Action item: Word for word, restate the lines of the data below between those holding "Säljer en mörkblå" and "2. The Garden", inclusive; pictures do not belong in the copy.

Data to use:
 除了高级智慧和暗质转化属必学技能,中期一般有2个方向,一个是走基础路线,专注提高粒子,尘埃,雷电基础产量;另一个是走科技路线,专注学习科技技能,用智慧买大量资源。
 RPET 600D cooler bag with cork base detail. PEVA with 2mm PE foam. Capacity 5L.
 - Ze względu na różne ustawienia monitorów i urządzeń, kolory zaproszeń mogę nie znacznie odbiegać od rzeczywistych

* * *

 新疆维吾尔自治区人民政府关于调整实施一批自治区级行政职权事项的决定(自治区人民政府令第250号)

---

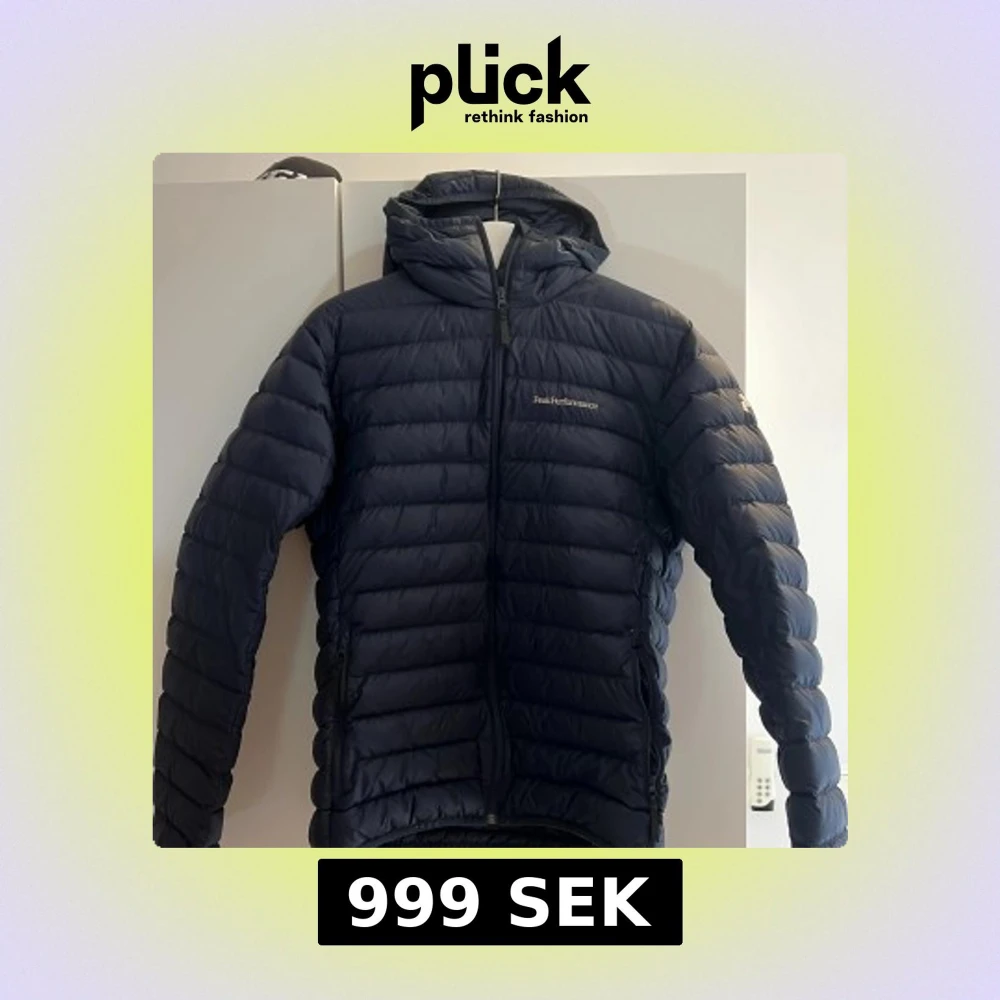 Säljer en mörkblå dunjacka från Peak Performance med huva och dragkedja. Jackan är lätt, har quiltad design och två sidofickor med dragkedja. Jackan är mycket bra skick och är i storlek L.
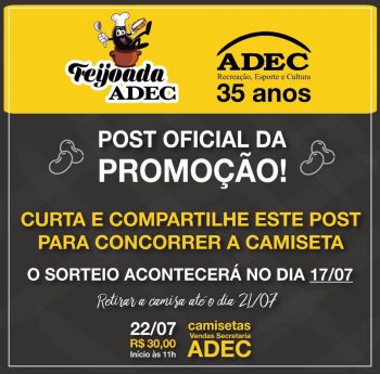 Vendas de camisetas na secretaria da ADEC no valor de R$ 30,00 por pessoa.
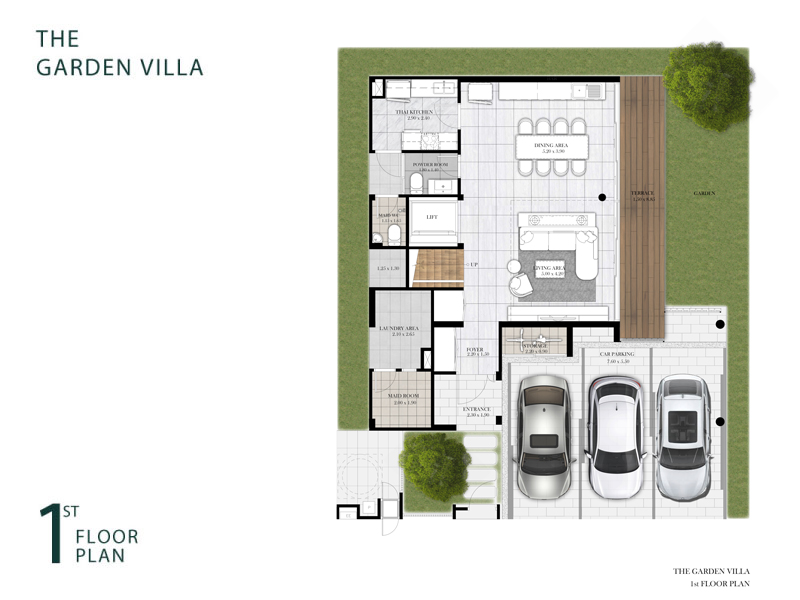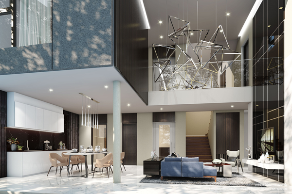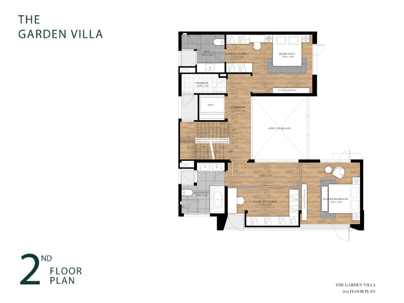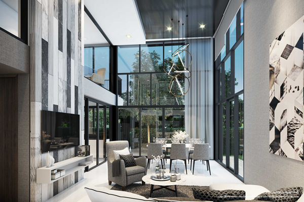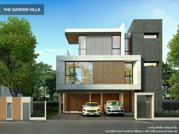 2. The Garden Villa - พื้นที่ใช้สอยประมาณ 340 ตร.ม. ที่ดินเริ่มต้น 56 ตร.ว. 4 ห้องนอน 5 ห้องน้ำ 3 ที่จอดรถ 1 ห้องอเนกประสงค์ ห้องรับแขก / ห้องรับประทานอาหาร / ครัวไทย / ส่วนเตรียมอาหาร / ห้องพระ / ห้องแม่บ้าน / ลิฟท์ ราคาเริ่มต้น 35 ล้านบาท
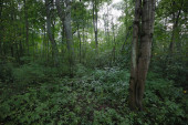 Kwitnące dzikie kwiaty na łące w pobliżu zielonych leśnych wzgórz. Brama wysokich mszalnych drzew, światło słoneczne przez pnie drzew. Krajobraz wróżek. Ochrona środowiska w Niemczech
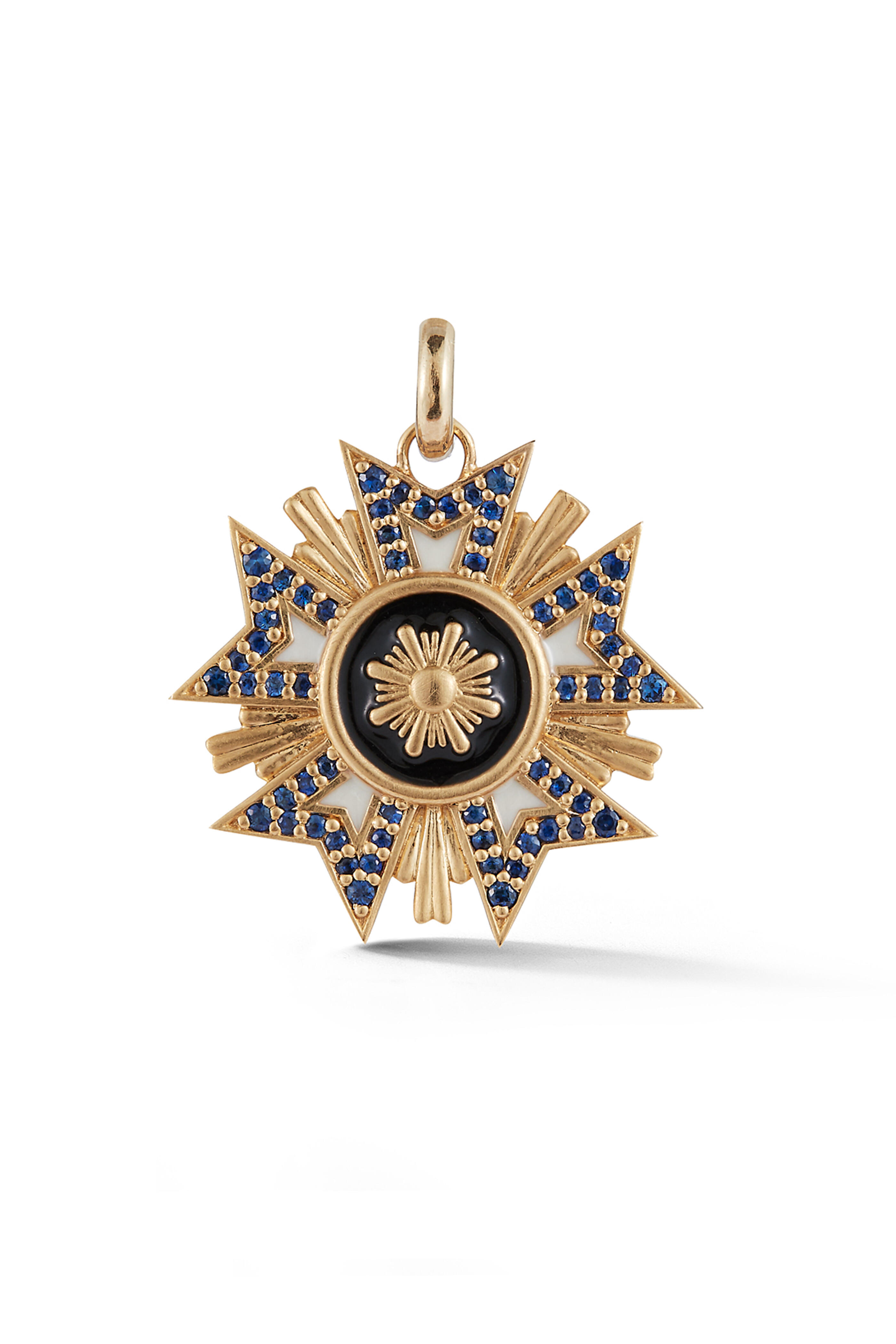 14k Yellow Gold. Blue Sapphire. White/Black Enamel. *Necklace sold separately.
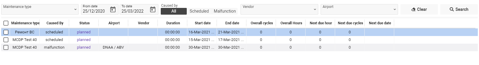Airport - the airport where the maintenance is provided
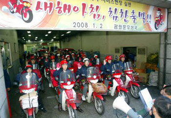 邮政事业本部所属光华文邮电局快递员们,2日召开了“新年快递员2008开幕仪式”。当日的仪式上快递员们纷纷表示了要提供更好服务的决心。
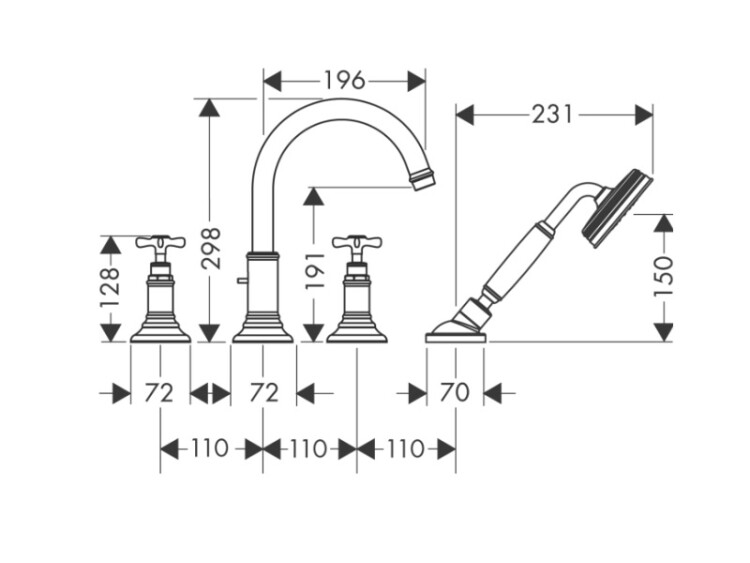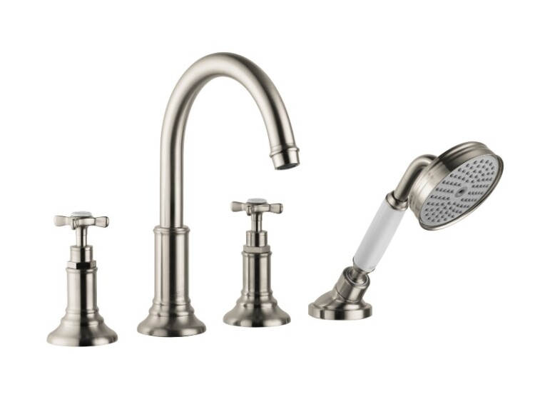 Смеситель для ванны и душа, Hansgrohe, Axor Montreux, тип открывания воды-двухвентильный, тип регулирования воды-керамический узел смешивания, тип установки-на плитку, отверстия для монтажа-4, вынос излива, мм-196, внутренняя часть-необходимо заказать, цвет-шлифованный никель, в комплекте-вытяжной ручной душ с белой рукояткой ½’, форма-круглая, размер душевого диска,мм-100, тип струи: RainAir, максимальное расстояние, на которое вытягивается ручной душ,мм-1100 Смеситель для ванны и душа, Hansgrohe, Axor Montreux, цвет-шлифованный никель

Output for this exercise:
 Säljer en mörkblå dunjacka från Peak Performance med huva och dragkedja. Jackan är lätt, har quiltad design och två sidofickor med dragkedja. Jackan är mycket bra skick och är i storlek L.
 Vendas de camisetas na secretaria da ADEC no valor de R$ 30,00 por pessoa.
 2. The Garden Villa - พื้นที่ใช้สอยประมาณ 340 ตร.ม. ที่ดินเริ่มต้น 56 ตร.ว. 4 ห้องนอน 5 ห้องน้ำ 3 ที่จอดรถ 1 ห้องอเนกประสงค์ ห้องรับแขก / ห้องรับประทานอาหาร / ครัวไทย / ส่วนเตรียมอาหาร / ห้องพระ / ห้องแม่บ้าน / ลิฟท์ ราคาเริ่มต้น 35 ล้านบาท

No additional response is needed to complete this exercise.